Изменить стиль страницы

— Кто? Блау? Я-то думал, он дал тягу из Венгрии потому, что не мог выдержать…

— Я имел в виду Арье, сына Беньямина Н., которого хоронили.

— Арье? Не заметил. Мне он казался совсем обыкновенным человеком…

— Мне совершенно все равно, какого цвета человек, — сказал третий, — если взглянуть на него на похоронах… Помер, значит, помер, в могиле никто не занимается политикой. В лоне земли и самый красный беленьким станет.
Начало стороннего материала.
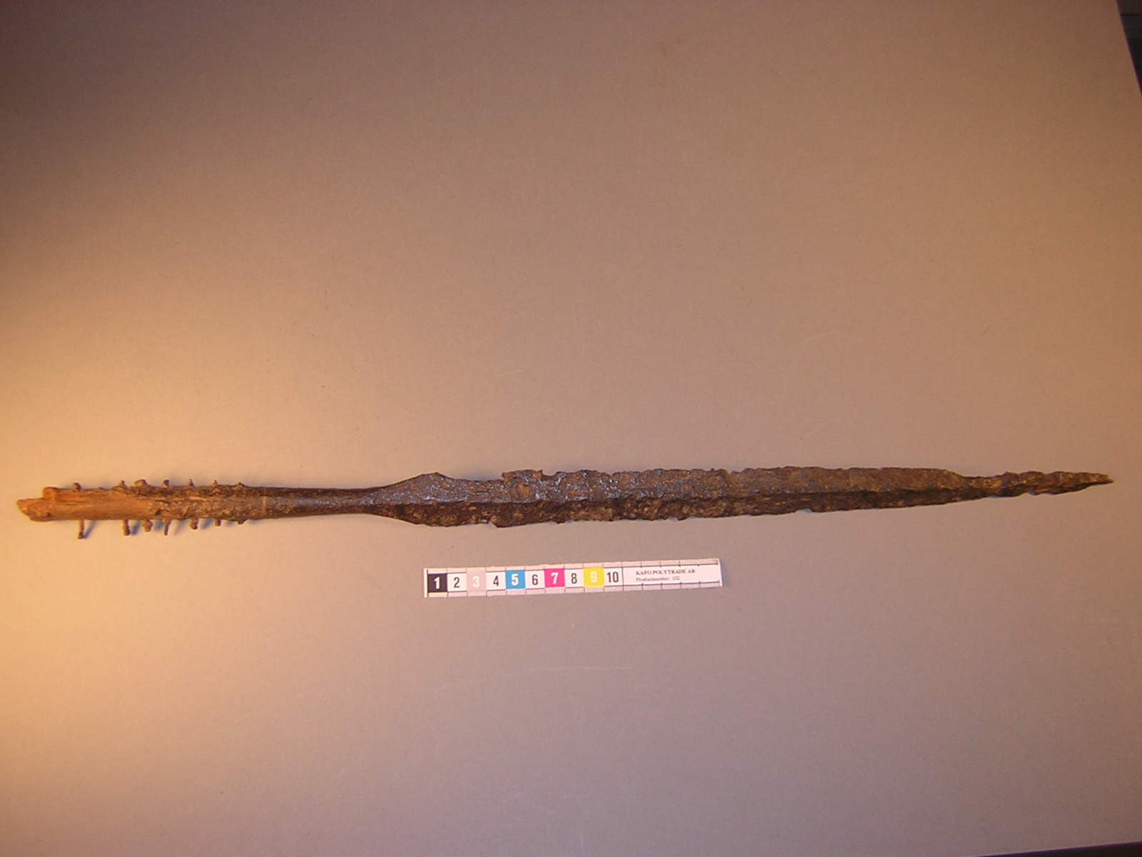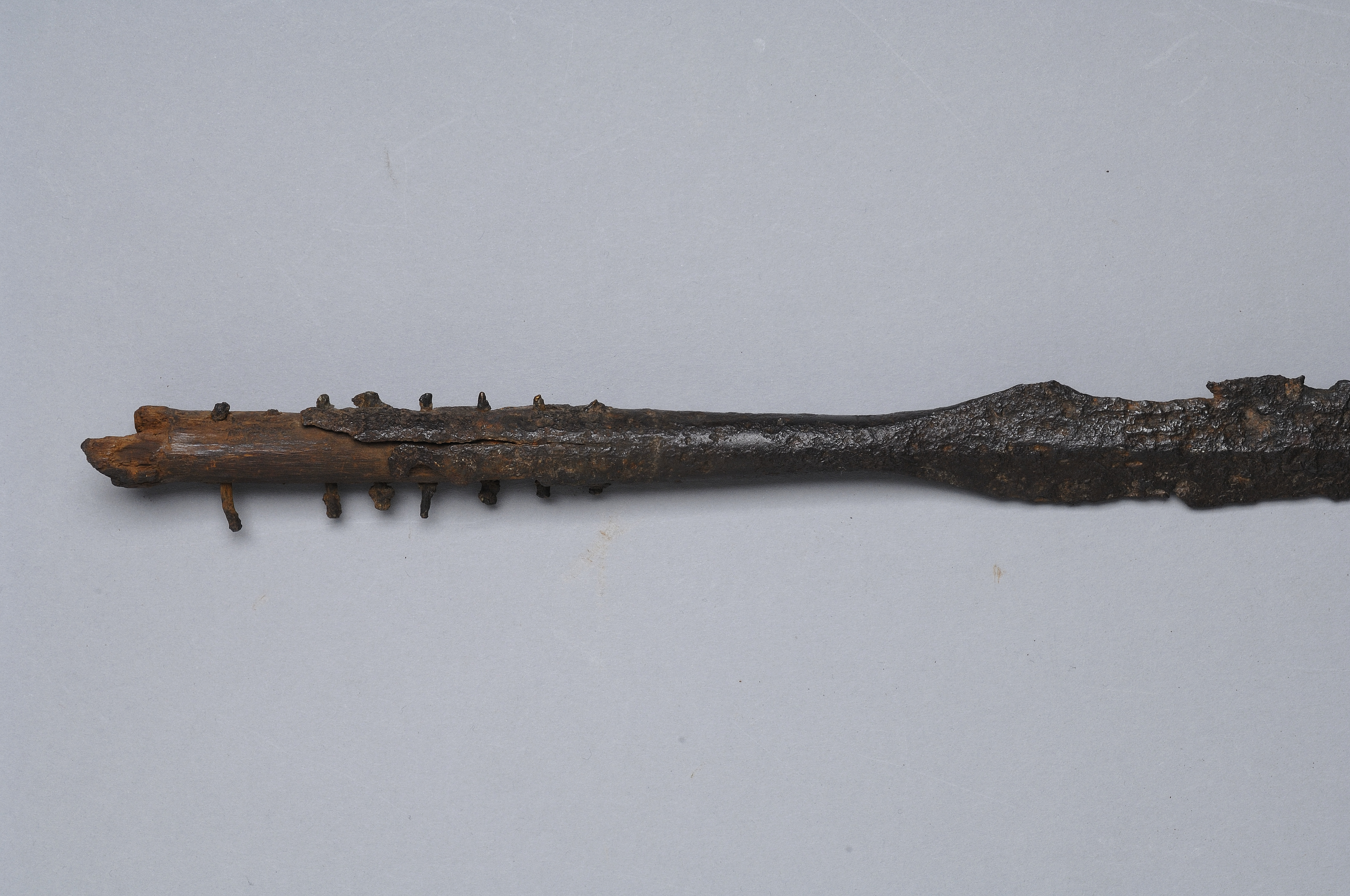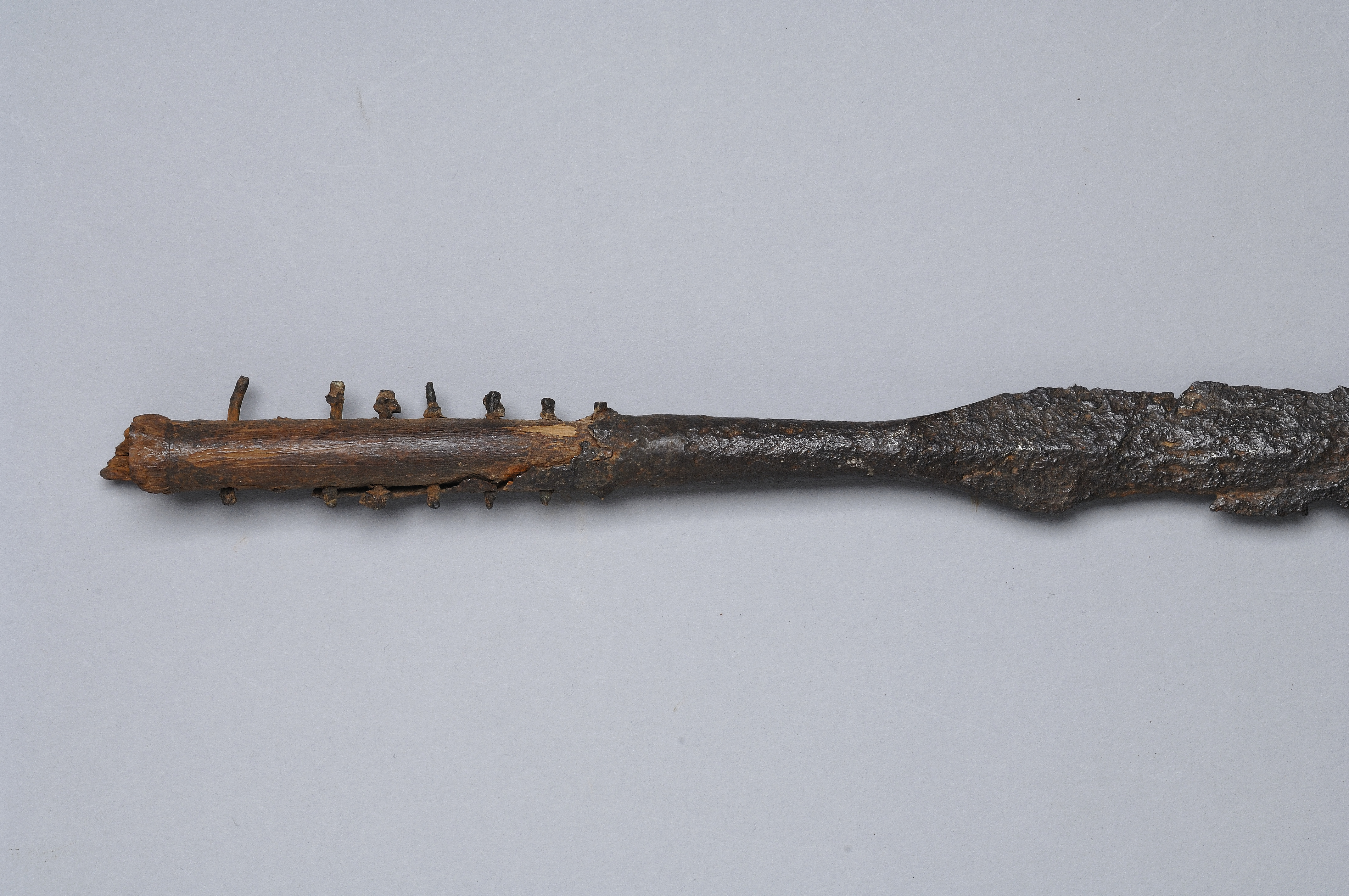 Långsmal spjutspets med 8 genomgående skaftnitar av brons.

Я сел на могилу отца и вытащил бутылку «Столичной». Сделал долгий глоток и чуть не поперхнулся. Никак не могу привыкнуть пить прямо из горлышка. Отец тоже не мог. Он пил водку из маленькой рюмки, не разбавляя, и всегда что-нибудь приговаривал.

— Прими и ты, — сказал я, проливая капельку на могилу.

Из темноты вынырнули три человека — кладбищенский сторож и двое полицейских.

— Вот он сидит, пьет водку на чужой могиле, — прохрипел старик.

— Что вы тут сидите? — спросил один из полицейских.

— Он перескочил через стену, потому что ворота закрыты, — пояснил старик. — Ведь сегодня праздник.

— Какой праздник? — поинтересовался другой полицейский.

— Не помню, — сказал старик. — Какой-то их еврейский праздник.

— Ага, так ты не еврей? — спросил полицейский.

— Нет, — ответил старик. — Я родом из Нивалы.

— Это к югу от Оулу, — вспомнил первый полицейский. — Я знаю одного писателя оттуда, из Нивалы. Сейчас-то он здесь, в Хельсинки. Он строительный рабочий, потому что писательством не прожить.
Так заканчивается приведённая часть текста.